All dcs have a genetic condition. Dd1 also has a heart problem and ds1 has many issues as well as genetic prob (allergies/ migraine/speech probs)
All 3 older dcs have reduced mobility and suffer pain fatigue and frequent joint dislocations.
Dd1 and ds1 receive dla.
Dd2 was also diagnosed with t1 diabetes last week.dh has been off work with no pay as I can't manage everything-the appts/physio and now inj and caring for the baby.
I don't drive and have no family who can help.up untill now dh has always worked but now I really need him here to help me with dcs-if they all have a bad day I can't manage
Dh really doesn't want to give up his job but I can't see any other way we can manage with the dcs disabilities.he said he needs to work or he will go mad at home.he wants to go back next week but I want him to give up so we can care for dcs together full time.
I feel so desperate and I need him to help me
vinegar I was going to say exactly the same thing. I can't believe anyone would do that.
This is totally the wrong board for this subject op. You are going to get flammed and get no practical support or advice.
Can you ask for this to be moved to Special Needs?

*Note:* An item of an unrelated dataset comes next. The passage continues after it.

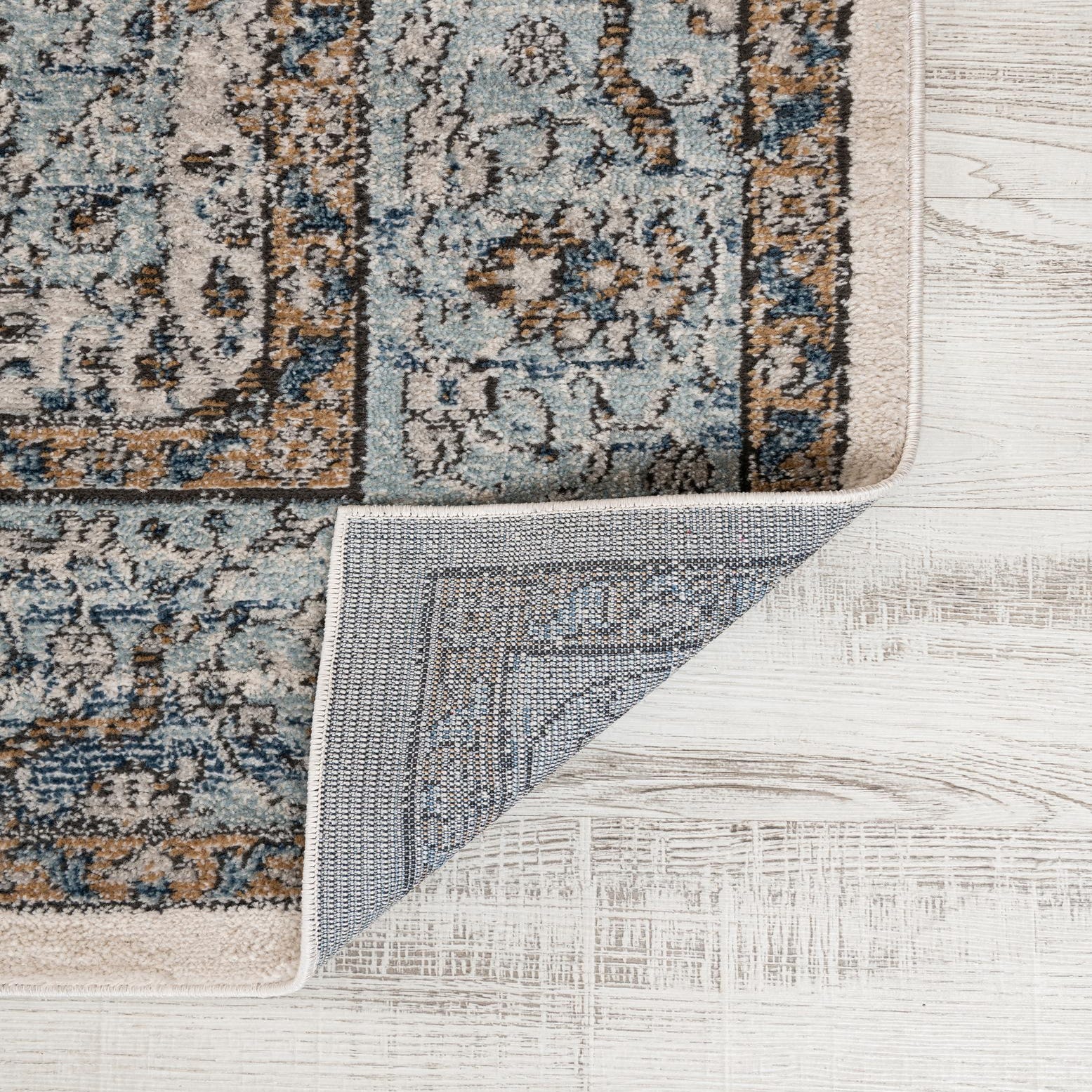 Primary color is Blue. Colors in this rug include: Blue, Brown, Gray, Rust Red, Ivory, Light Blue.

What you are going through is very difficult and there is not going to be a one fit solution.
If you weren't managing before, then why did you choose to bring a fourth child into that, especially knowing that s/he is likely to have a genetic condition.
Sorry to be harsh, but that does sound selfish.
Is breast feeding the only thing holding you back from taking a part time job to get out of the house? You can express or start bottle feeding to make things easier for yourself. Share the load of work between yourself and your DH.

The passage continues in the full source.